Au terme du délai imparti, si le juge considère qu’il n’a pas été mis fin aux conditions indignes de détention, il rend, dans un délai de dix jours une décision ordonnant :

soit le transfèrement de la personne dans un autre établissement ;

soit, si la personne est en détention provisoire, sa mise en liberté immédiate, le cas échéant sous contrôle judiciaire ou assignation à résidence avec surveillance électronique ;

soit, si la personne est définitivement condamnée et éligible à une telle mesure, l’une des mesures prévues au III de l’article 707 du Code de procédure pénale (semi-liberté, placement à l’extérieur, détention à domicile sous surveillance électronique, libération conditionnelle, libération sous contrainte).
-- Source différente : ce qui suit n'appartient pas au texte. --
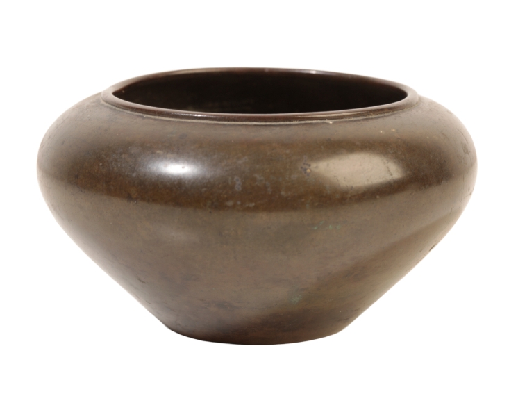 A CHINESE BRONZE CENSER, of plain form with rounded shoulder...

Lorsque l’administration pénitentiaire a proposé un transfèrement à une personne détenue provisoirement et que celle-ci a refusé, pour d’autres raisons, eu égard au lieu de résidence de sa famille, qu’une atteinte excessive au droit au respect de sa vie privée et familiale, le juge peut refuser de rendre l’une des décisions ci-dessus énoncées. 

 

Dans le cadre de ce nouveau recours, le détenu peut être assisté de son avocat. Toutes les décisions prévues par l’article 803-8 du Code de procédure pénale doivent être motivées.

 

La décision de recevabilité de la requête, celle reconnaissant la requête fondée et celle prise en conséquence de l’insuffisante action de l’administration pénitentiaire peuvent faire l’objet d’un appel devant le président de la chambre de l’instruction ou devant le président de la chambre de l’application des peines de la cour d’appel. L’appel doit être interjeté dans un délai de dix jours à compter de la notification de la décision attaquée. L’affaire doit être examinée dans un délai de quinze jours.

 

 

20 octobre 2021

La Cour de cassation expose les conditions d’application de la loi

 

 

La faculté générale d’invoquer des conditions indignes de détention devant le juge en charge de la détention provisoire ouverte par la Cour de cassation en 2020 n’a plus lieu d’être, puisque le législateur a créé en 2021 une procédure de recours spécifique devant le Juge des libertés et de la détention.

 

- Pour les demandes présentées avant le 1er octobre 2021 : la jurisprudence de la Cour de cassation du 8 juillet 2020 reste cependant applicable ;

 

- Pour les demandes présentées à compter du 1er octobre 2021 : les personnes détenues doivent présenter un recours devant le Juge des libertés et de la détention dans les conditions prévues par la loi du 8 avril 2021.

 

La Cour de cassation précise qu’elle pourra, le cas échéant, être amenée à contrôler l’effectivité du nouveau recours, au regard des exigences de la Convention européenne de sauvegarde des droits de l’homme et des libertés fondamentales.

 

Dans l’affaire présente, antérieure au 1er octobre 2021, la Cour de cassation casse la décision de la chambre de l'instruction qui a prolongé la détention provisoire d'un détenu sans apprécier le caractère précis, crédible et actuel de ses allégations, alors qu'il évoquait un espace personnel réduit, dans une cellule partagée avec d'autres détenus, la présence de cafards et de punaises de lit et un accès très limité à des douches non chauffées et sans intimité. La Chambre de l’instruction sera amenée à se prononcer à nouveau.